:: Supplied entries ::
··········
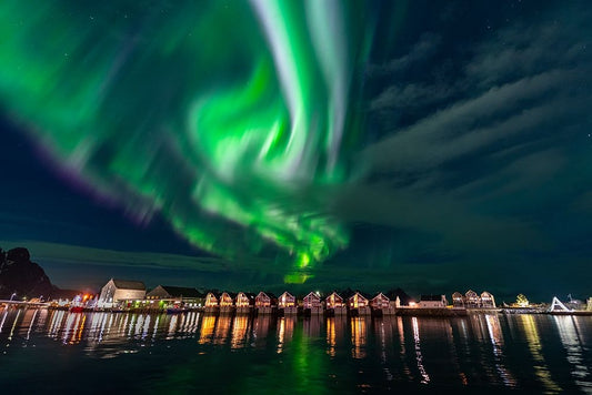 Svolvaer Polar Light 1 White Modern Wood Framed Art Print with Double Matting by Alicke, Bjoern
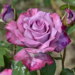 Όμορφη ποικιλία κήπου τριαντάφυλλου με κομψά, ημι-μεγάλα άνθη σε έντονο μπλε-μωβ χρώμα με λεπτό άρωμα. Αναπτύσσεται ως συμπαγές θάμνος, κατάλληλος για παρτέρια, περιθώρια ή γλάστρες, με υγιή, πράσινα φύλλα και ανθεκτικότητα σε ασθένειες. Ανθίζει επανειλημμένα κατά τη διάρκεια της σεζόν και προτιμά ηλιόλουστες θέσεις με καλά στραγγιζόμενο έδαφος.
··········
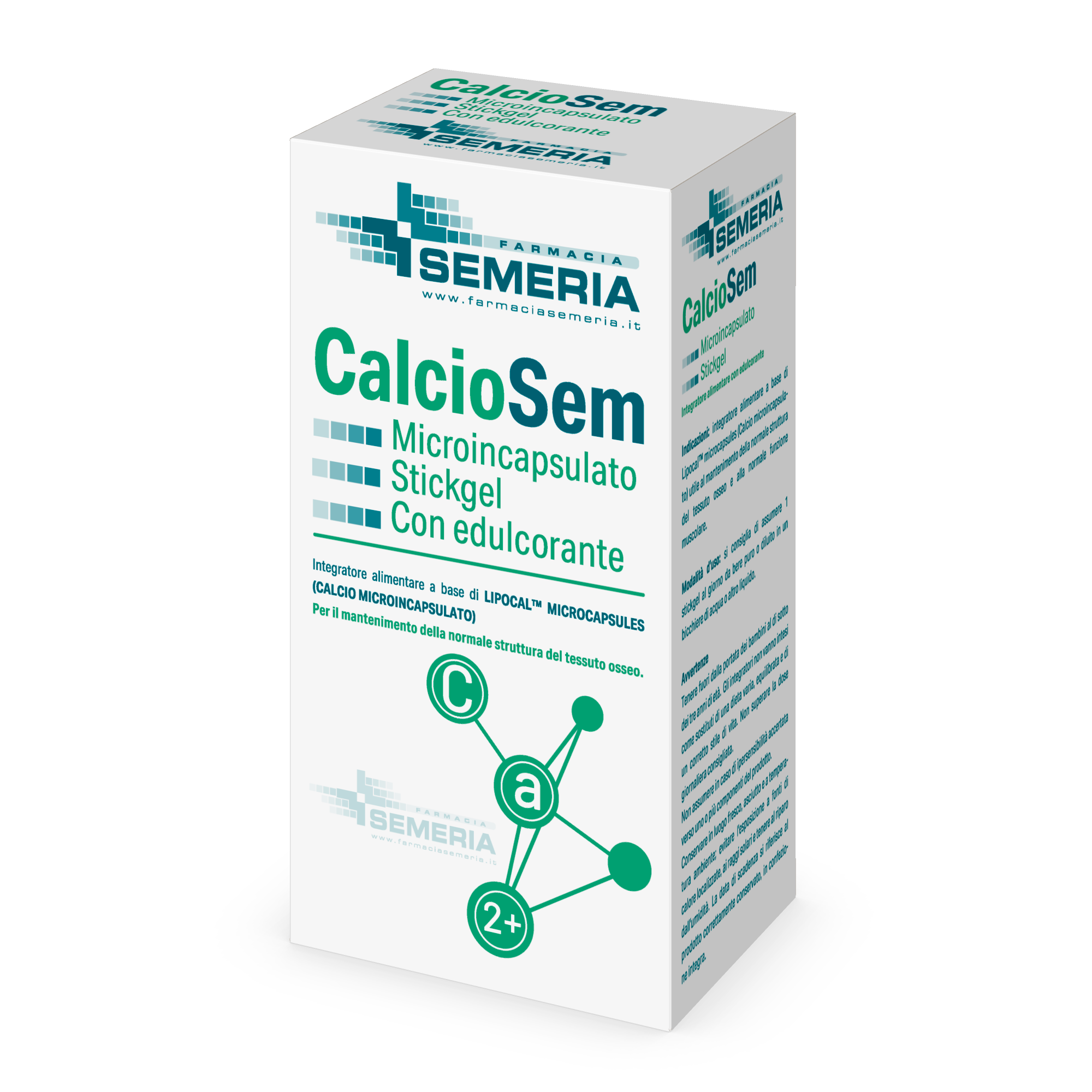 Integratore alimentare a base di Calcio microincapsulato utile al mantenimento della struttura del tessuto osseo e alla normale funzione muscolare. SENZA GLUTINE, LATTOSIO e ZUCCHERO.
··········
:: Exercise ::
Pictures in the material above should be skipped; print exactly the lines from the one with "Svolvaer Polar Light" through the one with "Όμορφη ποικιλία κήπου".

:: Result for this task ::
 Svolvaer Polar Light 1 White Modern Wood Framed Art Print with Double Matting by Alicke, Bjoern
 Όμορφη ποικιλία κήπου τριαντάφυλλου με κομψά, ημι-μεγάλα άνθη σε έντονο μπλε-μωβ χρώμα με λεπτό άρωμα. Αναπτύσσεται ως συμπαγές θάμνος, κατάλληλος για παρτέρια, περιθώρια ή γλάστρες, με υγιή, πράσινα φύλλα και ανθεκτικότητα σε ασθένειες. Ανθίζει επανειλημμένα κατά τη διάρκεια της σεζόν και προτιμά ηλιόλουστες θέσεις με καλά στραγγιζόμενο έδαφος.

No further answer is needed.